US agrees to return French detainees

The United States has agreed to return to France the last three French detainees held at the US Naval base at Guantanamo Bay, …

The United States has agreed to return to France the last three French detainees held at the US Naval base at Guantanamo Bay, in Cuba.

The French Foreign Ministry, however, said talk of a deal was premature.

French judicial officials, speaking on condition of anonymity, said the agreement was reached to coincide with US Secretary of State Condoleezza Rice's visit to Paris for yesterday's talks with President Jacques Chirac.

The date of the handover of Mustaq Ali Patel, Ridouane Khalid and Khaled Ben Mustafa has not been fixed, but their return is expected soon, the judicial officials said.

READ MORE

"Things are headed in the right direction, and we are now discussing the details," said William Bourdon, an attorney for Ali Patel, who has both French and Indian nationality.

The judicial officials said the three were expected to go before French judges, and they could be held pending investigation under the preliminary charge of "criminal association with a terrorist enterprise" - a charge often used in such cases in France.

Khalid's brothers, Djamel and Zinedine, are already being investigated in France on suspicion of involvement in the robbery of more than $1.28 million to finance terrorism. Zinedine Khalid also is being investigated in a separate investigation into suspected Chechen terrorism.

Judicial officials said Patel's case could present problems, because he does not appear to have links with Islamic militants and was thought to have been in the Pakistan-Afghanistan region for business reasons when he was detained.
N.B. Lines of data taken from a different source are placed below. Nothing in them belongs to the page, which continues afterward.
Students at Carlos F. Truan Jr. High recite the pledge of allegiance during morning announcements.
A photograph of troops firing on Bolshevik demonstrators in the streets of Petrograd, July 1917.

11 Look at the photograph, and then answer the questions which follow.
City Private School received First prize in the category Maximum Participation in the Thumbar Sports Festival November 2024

Four other French citizens once held at Guantanamo were returned to France in late July. Mourad Benchellali, Imad Kanouni, Nizar Sassi and Brahim Yadel are being held in France as part of an investigation into suspected terror-related networks.
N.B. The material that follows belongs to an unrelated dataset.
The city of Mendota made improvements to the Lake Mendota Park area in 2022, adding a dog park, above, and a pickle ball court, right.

They were captured in the US-led campaign that toppled the hard-line Taliban regime in Afghanistan. Each spent more than two years at Guantanamo, and French authorities had struggled for months to secure their return.

Anti-terrorism judges have also placed them under investigation for "criminal association with a terrorist enterprise."
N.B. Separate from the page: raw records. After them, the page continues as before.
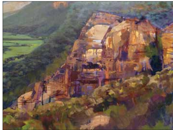
STAGE 5 Developing the rocky area on the left side, and on the right side.
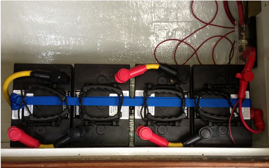
Starboard battery bank
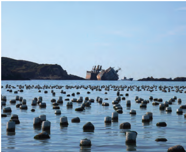
▲ Figure 2: A seaweed farm – fisheries and mariculture are often susceptible to oil spills.
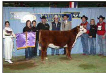
H W4 MARIAH 0103 ET 2011 NWSS Grand Champion Horned Hereford Heifer Dam of Lots 7 & 8

AI BRED 5/17/23 TO H THE PROFIT 8426 ET (AHA 43916400). PE 6/1/23-8/15/23 TO CH HIGH ROLLER 756 ET (AHA 43875385).

Investigators suspect they frequented groups that planned terror attacks in Europe. Several of the men confessed to training in military camps where they learned to use explosives and weapons, officials said.

Sassi and Benchellali are also under investigation for using false documents. The two are childhood friends who grew up in a tough suburb outside the southeastern city of Lyon and went to Afghanistan together in June 2001 with stolen passports, officials say. They were arrested in December 2001 and brought to Guantanamo.